Material for this task.
· · · · ·
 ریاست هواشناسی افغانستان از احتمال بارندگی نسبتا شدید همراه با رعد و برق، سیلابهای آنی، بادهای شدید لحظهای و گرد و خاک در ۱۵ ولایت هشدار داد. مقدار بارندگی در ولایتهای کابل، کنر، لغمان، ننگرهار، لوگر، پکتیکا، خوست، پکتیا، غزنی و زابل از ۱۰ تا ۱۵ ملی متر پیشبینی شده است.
· · · · ·
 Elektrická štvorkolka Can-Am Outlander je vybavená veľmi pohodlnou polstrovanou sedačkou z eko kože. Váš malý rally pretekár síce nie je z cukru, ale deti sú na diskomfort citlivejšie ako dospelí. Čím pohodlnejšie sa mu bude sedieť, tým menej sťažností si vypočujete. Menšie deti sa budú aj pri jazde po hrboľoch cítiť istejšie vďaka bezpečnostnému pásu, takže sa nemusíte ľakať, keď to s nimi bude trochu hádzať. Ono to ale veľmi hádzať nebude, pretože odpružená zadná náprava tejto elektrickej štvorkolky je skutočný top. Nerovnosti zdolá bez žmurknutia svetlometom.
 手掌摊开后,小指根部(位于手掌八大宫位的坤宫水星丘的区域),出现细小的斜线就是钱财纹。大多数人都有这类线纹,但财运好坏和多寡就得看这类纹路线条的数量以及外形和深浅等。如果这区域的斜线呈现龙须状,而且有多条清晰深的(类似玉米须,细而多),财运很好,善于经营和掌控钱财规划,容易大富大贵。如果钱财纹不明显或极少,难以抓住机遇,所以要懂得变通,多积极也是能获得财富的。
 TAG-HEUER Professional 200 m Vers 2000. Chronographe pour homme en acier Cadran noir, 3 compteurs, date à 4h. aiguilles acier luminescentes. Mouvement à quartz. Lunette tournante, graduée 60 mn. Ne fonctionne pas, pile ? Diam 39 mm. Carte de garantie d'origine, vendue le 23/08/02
· · · · ·
Assignment. Which lines run from the one holding "Elektrická štvorkolka Can-Am" through the one holding "TAG-HEUER Professional 200" in the records above? Repeat them exactly, both included, and nothing more.

Expected output.
 Elektrická štvorkolka Can-Am Outlander je vybavená veľmi pohodlnou polstrovanou sedačkou z eko kože. Váš malý rally pretekár síce nie je z cukru, ale deti sú na diskomfort citlivejšie ako dospelí. Čím pohodlnejšie sa mu bude sedieť, tým menej sťažností si vypočujete. Menšie deti sa budú aj pri jazde po hrboľoch cítiť istejšie vďaka bezpečnostnému pásu, takže sa nemusíte ľakať, keď to s nimi bude trochu hádzať. Ono to ale veľmi hádzať nebude, pretože odpružená zadná náprava tejto elektrickej štvorkolky je skutočný top. Nerovnosti zdolá bez žmurknutia svetlometom.
 手掌摊开后,小指根部(位于手掌八大宫位的坤宫水星丘的区域),出现细小的斜线就是钱财纹。大多数人都有这类线纹,但财运好坏和多寡就得看这类纹路线条的数量以及外形和深浅等。如果这区域的斜线呈现龙须状,而且有多条清晰深的(类似玉米须,细而多),财运很好,善于经营和掌控钱财规划,容易大富大贵。如果钱财纹不明显或极少,难以抓住机遇,所以要懂得变通,多积极也是能获得财富的。
 TAG-HEUER Professional 200 m Vers 2000. Chronographe pour homme en acier Cadran noir, 3 compteurs, date à 4h. aiguilles acier luminescentes. Mouvement à quartz. Lunette tournante, graduée 60 mn. Ne fonctionne pas, pile ? Diam 39 mm. Carte de garantie d'origine, vendue le 23/08/02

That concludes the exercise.